How to Build an Investment Portfolio

Building an investment portfolio sounds complicated, but the core idea is simple: spread your money across different types of assets, match the mix to your goals and timeline, and rebalance periodically. Here’s how to think through it.

Start With Your Goals and Timeline

Before choosing any investment, answer two questions:

  • What is this money for? Retirement in 20 years? A house down payment in 3? Each goal may need a different approach.
  • How long until you need it? The longer your timeline, the more risk you can take — because you have time to recover from market drops.

A portfolio for someone retiring in 5 years looks very different from one built by someone 30 years out. Time horizon is the single most important factor in portfolio construction.

Understand Asset Classes

Most portfolios are built from three core asset classes:

  • Stocks (equities): Ownership in companies. Higher potential return over the long run, but more volatile. The engine of portfolio growth.
  • Bonds (fixed income): Loans to governments or companies. Lower return than stocks, but more stable. The cushion that reduces volatility.
  • Cash and equivalents: Money market funds, short-term CDs. Low return but highly stable. Good for near-term needs or emergency reserves.

Some portfolios also include real estate investment trusts (REITs) or international stocks for additional diversification, but stocks and bonds are the foundation.

Choose Your Asset Allocation

Asset allocation is the percentage of your portfolio in each asset class.

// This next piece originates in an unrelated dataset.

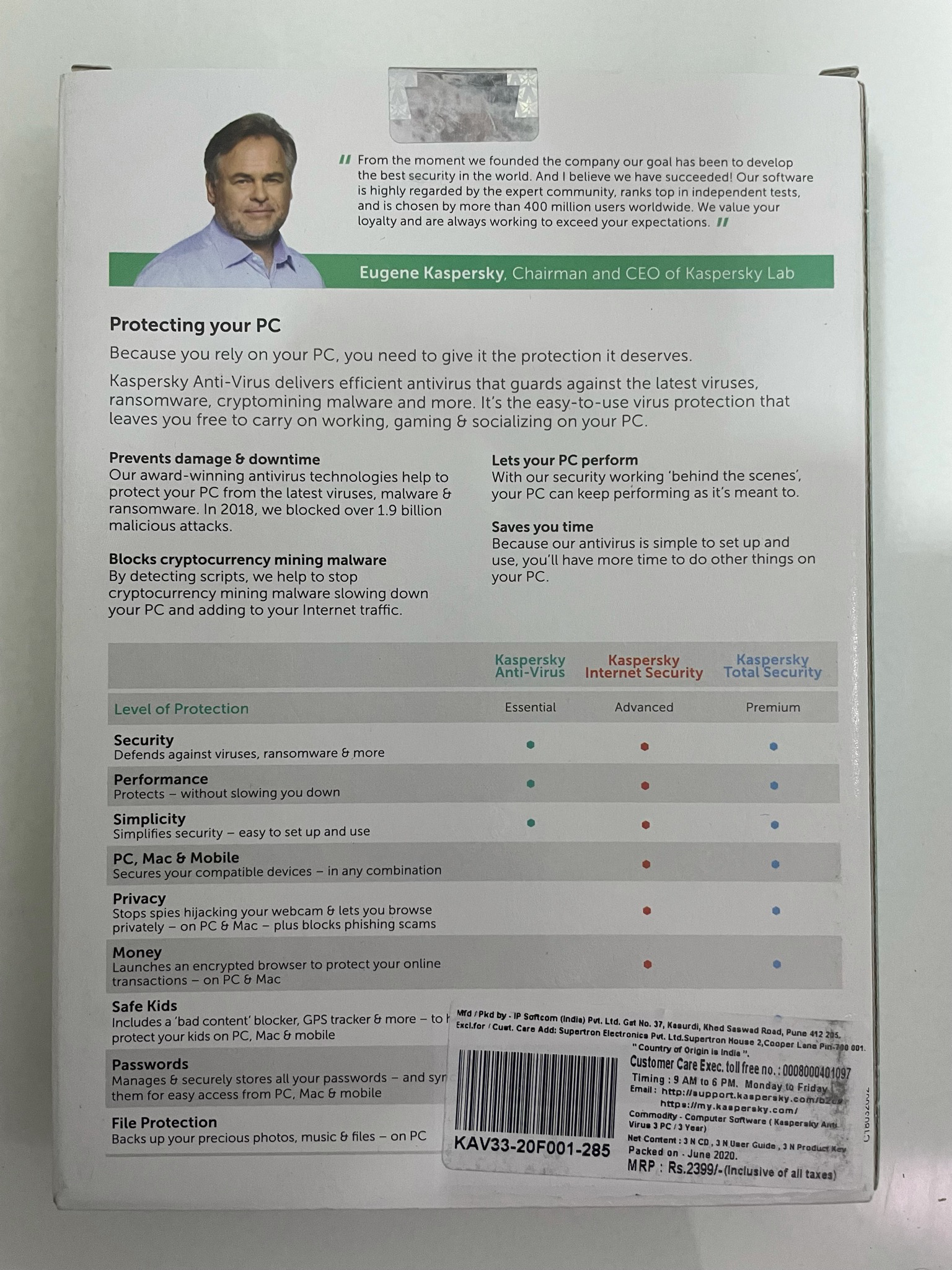 Kaspersky Antivirus 2016 ( 3 PC / 3 Year ) CD - Buy... - Snapdeal The Kaspersky Antivirus is valid for a period of 3 years after which one must renew the license. This software is permissible for 3 users only and provides Your PC must have 1 GB RAM. For best results however, it is advisable to have a RAM higher than that. It is also important to have a free space of... Kaspersky Antivirus 1 Pc 3 Year 2021 | Online Key Kaspersky Antivirus 1 Pc 3 Year. Features :- Think of all the precious things on your PC. We can help you protect them against viruses, spyware more. Our award-winning security makes it easy to defeat digital dangers; without slowing you down. - Protection against Wanna Cry Ransomware... Kaspersky Antivirus 2020 - 3 PC, 3 Year - (Activation Code On...) Kaspersky Anti-Virus is the smarter way to protect everything on your PC… to help keep you safe from viruses, spyware & Trojans - and help stop ransomware locking up all your files. Bitdefender Internet Security 2020 - 3 PC, 3 Year (Activation Code On Email). Please note Kaspersky 3 Device Antivirus & Security Software for sale | eBay Kaspersky antivirus anti virus 2022 - 3 pc / user 1 year | UK eu download. SPONSORED. Kaspersky Internet Security 2021 3 Devices 1 Year PC/Mac Activation Post EU UK. £20.75.

It’s the most important decision you’ll make — research consistently shows that allocation drives the majority of long-term returns, not individual stock picks.

A simple rule of thumb: subtract your age from 110 to get your stock percentage. A 60-year-old would hold roughly 50% stocks, 50% bonds. Some advisors use 120 as the starting number for people with longer life expectancies.

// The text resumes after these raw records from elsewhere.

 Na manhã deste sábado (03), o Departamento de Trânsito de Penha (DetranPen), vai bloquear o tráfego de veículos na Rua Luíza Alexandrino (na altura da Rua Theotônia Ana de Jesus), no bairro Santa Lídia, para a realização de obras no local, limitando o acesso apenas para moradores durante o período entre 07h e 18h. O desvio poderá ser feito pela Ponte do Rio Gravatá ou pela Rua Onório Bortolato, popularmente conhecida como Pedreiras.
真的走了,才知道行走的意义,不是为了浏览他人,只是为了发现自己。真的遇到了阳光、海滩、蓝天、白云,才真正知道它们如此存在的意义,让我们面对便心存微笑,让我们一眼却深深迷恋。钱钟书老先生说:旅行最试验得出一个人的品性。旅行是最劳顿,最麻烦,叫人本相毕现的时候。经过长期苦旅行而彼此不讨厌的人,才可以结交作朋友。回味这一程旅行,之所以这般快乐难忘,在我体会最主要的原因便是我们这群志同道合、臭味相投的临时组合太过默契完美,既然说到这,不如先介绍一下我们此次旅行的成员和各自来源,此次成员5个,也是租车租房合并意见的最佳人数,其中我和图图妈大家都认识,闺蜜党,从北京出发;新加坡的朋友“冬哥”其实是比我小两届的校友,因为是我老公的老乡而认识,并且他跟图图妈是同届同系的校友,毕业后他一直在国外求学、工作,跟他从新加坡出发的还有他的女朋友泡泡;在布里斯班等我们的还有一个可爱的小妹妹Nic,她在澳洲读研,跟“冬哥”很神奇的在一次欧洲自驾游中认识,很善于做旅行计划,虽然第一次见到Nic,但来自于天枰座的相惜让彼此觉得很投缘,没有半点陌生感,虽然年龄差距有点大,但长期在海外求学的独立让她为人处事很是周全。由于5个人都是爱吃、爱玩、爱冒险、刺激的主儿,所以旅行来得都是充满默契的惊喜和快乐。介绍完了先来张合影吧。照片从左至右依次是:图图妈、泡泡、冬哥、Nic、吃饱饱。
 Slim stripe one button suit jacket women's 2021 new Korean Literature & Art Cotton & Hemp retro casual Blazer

Sample Portfolio Allocations by Timeline

But rules of thumb are just starting points. Your actual allocation should reflect:

  • Risk tolerance: If a 30% market drop would cause you to sell everything, a 80/20 stock/bond portfolio isn’t right for you — even if the math says it should be.
  • Other income sources: A pension or Social Security income reduces your need to draw from investments, allowing a slightly more aggressive allocation.
  • Time horizon: Short timelines require more conservative allocations to protect against a bad year right before you need the money.

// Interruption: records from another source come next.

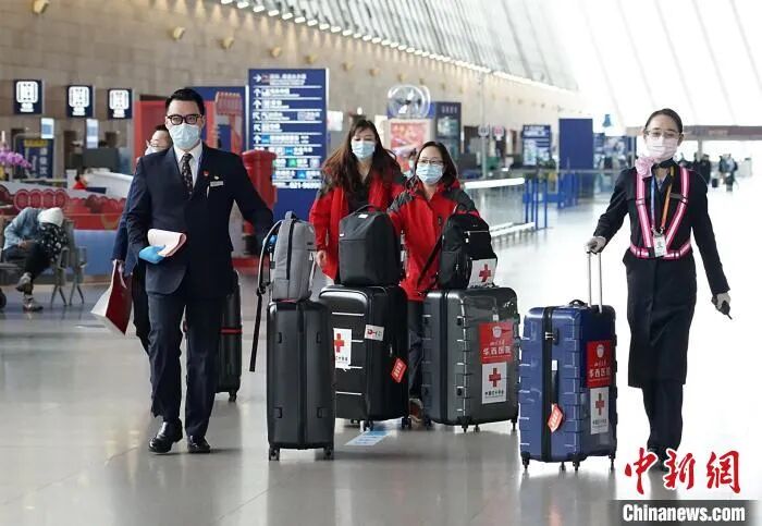 中国抗疫专家组一行9人从上海飞往罗马。东航供图
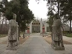 Diese Steinmenschen vor den Gräbern werden auch Wengzhong[3] genannt, was auf folgendem Hintergrund beruht: In der Zeit der Qin-Dynastie soll ein Riese von herkuleischer Gestalt namens Ruan Wengzhong[4] gelebt haben.[5] Er war in Lintao[6] (Gansu) garnisoniert und hatte sich im Kampf gegen die Xiongnu Verdienste erworben. Nach seinem Tod trauerte Qin Shihuang um ihn und befahl, eine bronzene Statue nach ihm anzufertigen und sie außerhalb des Sima-Tores des Xianyang-Palastes (Xianyang gong) aufzustellen. Es heißt, dass die Xiongnu (Hunnen) ihn, als sie nach Xianyang (der Hauptstadt von Qin in Shaanxi) kamen und die Statue sahen, für den lebendigen Ruan Wengzhong hielten und Reißaus nahmen. Seither nennt man die Bronze- oder Steinfiguren vor kaiserlichen Palästen oder Gräbern Wengzhong. Die steinernen Tierskulpturen vor den Gräbern (shixiangsheng) lassen sich auf die des Grabes von Huo Qubing in der Zeit der Han-Dynastie zurückführen. Huo war ein junger berühmter Militärstratege der früheren Han-Zeit. Bereits mit achtzehn Jahren begleitete er den Han-Kaiser Wu (Han Wu di), er war sehr geschickt im Reiten und Schießen. Mit zwanzig Jahren führte er zweimal seine Truppen im Hexi-Korridor (Gansu-Korridor) gegen die Xiongnu (Hunnen) zum Sieg und erwarb sich große Verdienste. Er verstarb bereits im Alter von nur vierundzwanzig Jahren. Han Wudi hat zu Ehren seines geliebten Generals östlich seines eigenen Mausoleums (Maoling) eigens die Hu-Qubing-Grabanlage erbauen lassen. Diese ähnelt in seiner Gestalt dem Qilian-Gebirge (Qilian Shan), um an seine Leistungen im Hexi-Korridor (Gansu-Korridor) zu erinnern. Steinschnitzer haben die Tiere des Qilian-Gebirges zum Vorbild für Huo Qubings Grab genommen, davon ist das „Auf einen Hunnen tretende Pferd“ am bekanntesten, diese Skulptur fasst die großen Verdienste des kurzen Lebens von Huo Qubing zusammen. Diese Reihe enthält die frühesten großen Steinschnitzereien vor chinesischen Gräbern. Später ließen die Kaiser beim Bau des eigenen Grabes ebenfalls diese Dekoration einrichten, deswegen gibt es bei den heute noch vorhandenen Tang-, Song-, Ming- und Qing-Mausoleen fast immer eine Aufreihung in Form einer Ehrengarde[7] vor dem Grab.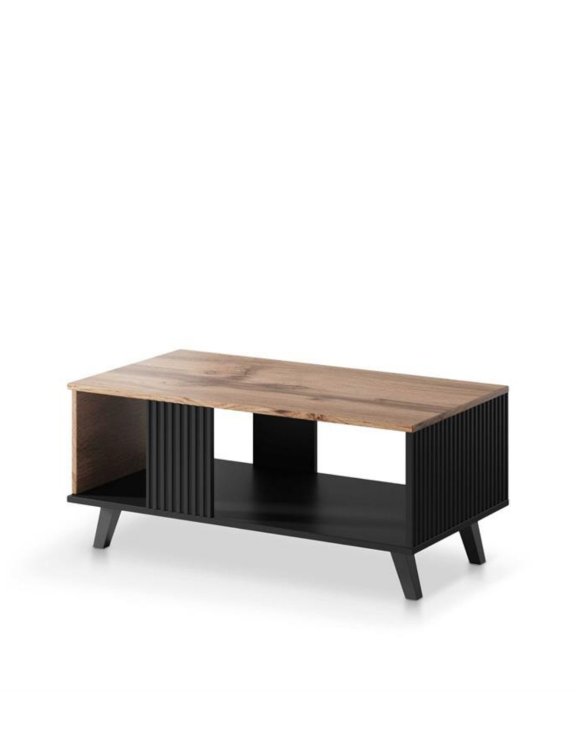 Stolik składa się z dwóch blatów: dolnej półki w wybarwieniu czarnym oraz blatu stolika w okleinie dębowej.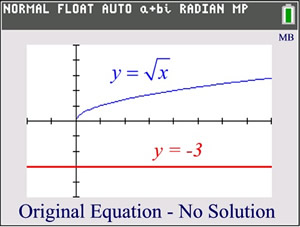 Once the radical was set = -3, it became obvious that there would be NO solution, since the principal square root cannot be a negative value. |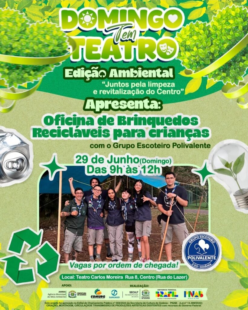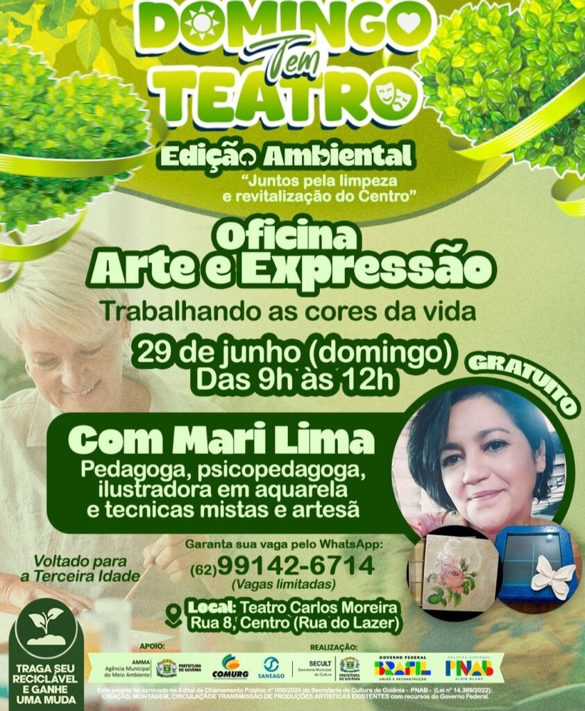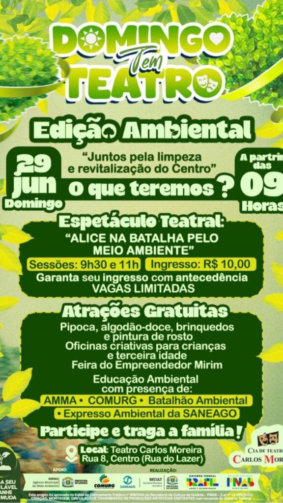 Cia de Teatro Carlos Moreira e Secult Goiânia promovem edição especial do projeto Domingo Tem Teatro neste domingo (29), das 9h às 12h, com apoio da AMMA, Comurg, Batalhão Ambiental e Saneago.

Diversify Within Each Asset Class

Once you’ve set your allocation, diversify within it. Don’t hold just one stock or one bond — spread across many to reduce the impact of any single investment going wrong.

The easiest way to diversify is through funds:

  • Total market index funds give you exposure to hundreds or thousands of companies with one fund.
  • Bond index funds spread exposure across many bond issuers and maturities.
  • Target-date funds do the whole job automatically — they hold a diversified mix of stocks and bonds and gradually shift to more conservative allocations as your target retirement year approaches.

Keep Costs Low

Investment fees compound just like returns — but in the wrong direction. A fund charging 1% per year versus 0.05% can cost tens of thousands of dollars over a 30-year period.

Look for funds with low expense ratios. Index funds from Vanguard, Fidelity, and Schwab routinely charge 0.03%–0.15%. Actively managed funds often charge 0.5%–1.5% and rarely outperform index funds over the long term.

Rebalance Periodically

Over time, market movements will shift your allocation away from your target. If stocks have a great year, your portfolio might drift from 60/40 to 70/30 without you doing anything. Rebalancing means selling some of what’s grown and buying more of what’s lagged to restore your target mix.

Most investors rebalance once a year or when any asset class drifts more than 5 percentage points from its target. It doesn’t need to be complicated — many target-date funds rebalance automatically.

Final Thought

A good portfolio doesn’t require constant attention or complex strategies. Choose an allocation that fits your timeline and risk tolerance, diversify through low-cost index funds, and rebalance occasionally. The investors who do best over time are usually the ones who set a reasonable plan and stick to it.